DESCRIPTION OF THE EMBODIMENTS

[0026] The disclosure will be further described in combination with drawings and embodiments.

[0027] In the following examples, a method for preparing lamellar porous magnesium oxide comprises: 30g of light magnesium oxide is added into 300 mL of water, boiled with water and refluxed for 24 h, cooled, filtered in vacuum and dried, and the filter cake obtained by drying is smashed and calcined for 1 h at 550°C, so as to obtain lamellar porous magnesium oxide.

Example 1

[0028] A method for preparing a carbon nanotube-porous carbon composite material comprises the following steps:

[0029] (1) 1Og of lamellar porous magnesium oxide was dispersed into water to obtain suspension, then nickel nitrate solution (0.63g of nickel nitrate was dissolved into 8mL of water) was dropwise added into the suspension, the mixed solution was subjected to ultrasound treatment for 30 min to be evenly mixed, and then suction filtration was carried out, the obtained filter residue was dried and then smashed, and subsequently calcined for 30 min at 550 °C to obtain a carbon tube template;

[0030] (2) 1Og of carbon tube template and 1Og of pitch were added into solvent ethanol and then stirred, evenly mixed and dried, the obtained powder was placed in ceramic boat, calcined for 30 min at 800°C under the protection of nitrogen gas in a high-temperature tube furnace, the calcined powder was cooled and taken out to obtain black powder, the black powder was subjected to acid picking with diluted hydrochloric acid, then rinsed with deionized water to be neutral, finally, filtered in vacuum and dried to obtain the carbon nanotube-porous carbon composite material.

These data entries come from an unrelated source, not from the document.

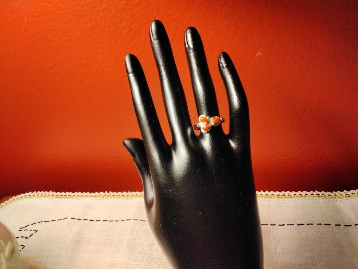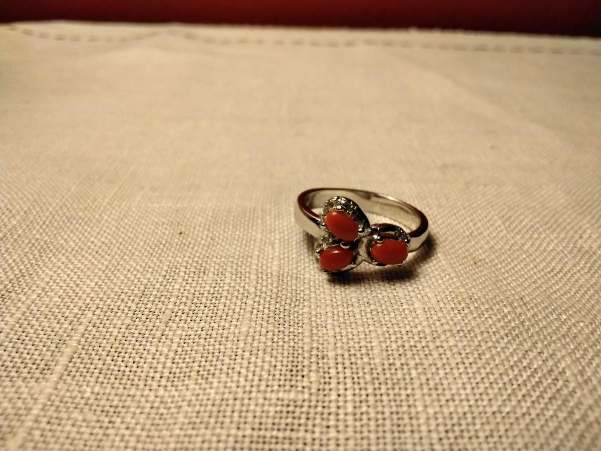 85ctw Coral & White Sapphire 925 Sterling Silver Ring Sz. 6.5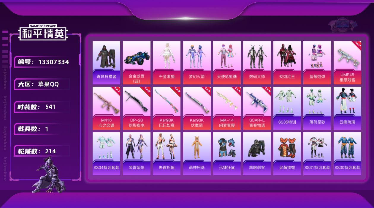 2287837-可二次-苹果q-2稀有1载具6粉装7特效呛20热门146套装214呛皮 68253热力值 16印记4卓越3传奇1绝世 历史绝世王牌15星 极品女号 梦幻火箭 天使彩虹糖 千金淑猫 蕾丝眼罩 蓝莓炮弹 海盐绵绵冰 满级心之恋语 满级相思残雪 鲨鱼裤 破蛋小黄鸡 蓝蹦蹦 蜘蛛侠 天命 【2稀有】 奇异狩猎者 浪漫天命 【1载具】 合金龙骨蓝色 【6粉装】 梦幻火箭 天使彩虹糖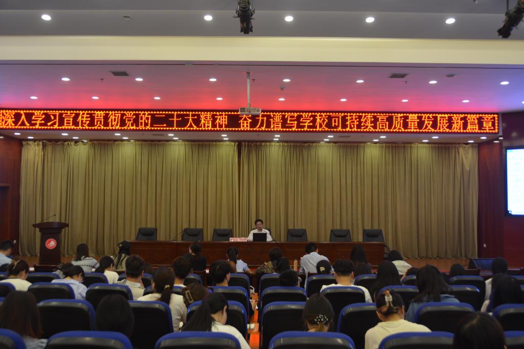 6月8日上午,校党委书记、校长邵必林在图书馆3楼报告厅向幼儿教育学院师生讲授了《深入学习宣传贯彻党的二十大精神 奋力谱写学校可持续高质量发展新篇章》专题党课。幼儿教育学院第三期入党发展对象、第二期入党积极分子、全体辅导员和部分党员师生聆听了党课。党课由幼儿教育学院党委副书记王继康主持。邵必林书记以“入党动机的重要性;进一步明确自己为什么要入党、为谁而入党这一根本问题;入党是一种政治信仰,而不是政治...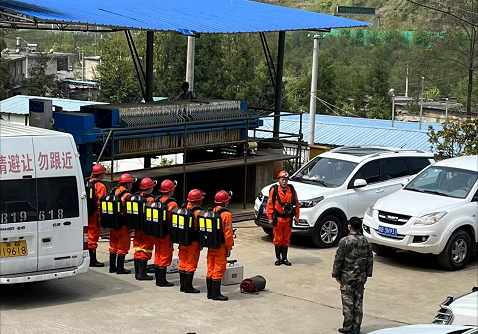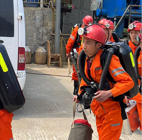 14時(shí)32分救護隊接到召請電話(huà),立即組織出動(dòng),于14時(shí)48分到達礦井,初步了解事故情況后,向指揮部領(lǐng)取救援任務(wù),按照指揮部的指令,迅速開(kāi)展搶險救災工作。
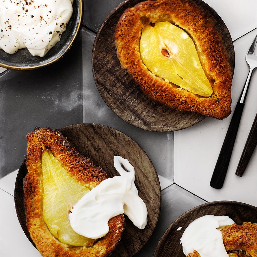 - Aseta päärynänpuolikkaat leivinpaperilla vuoratulle uunipellille kotapuoli alaspäin. Sivele hunaja kuoren päälle ja painele kaulitut taikinapalat päärynän päälle niin, että hedelmä peittyy kokonaan.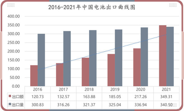 四、2016-2021年中國電池出口曲線圖(出口額單位:億美元;出口量單位:億只)

The yield was %. The specific surface area was measured as 1001.4 m 2/g.

[0031] The transmission electron micrograph of the carbon nanotube-porous carbon composite material prepared in example 1 is shown in Fig.1. It can be seen from Fig.1 that a large number of carbon nanotubes are evenly intertweaved in the carbon layer to form a network structure.

[0032] The adsorption and desorption curves of the carbon nanotube-porous carbon composite material prepared in example 1 are shown in Fig.2, and the pore size distribution curve is shown in Fig.3. It can be seen that the prepared carbon nanotube-porous carbon composite material has micropores and mesopores, and the desorption pore sizes distribution is in 2.5~4.5 nm.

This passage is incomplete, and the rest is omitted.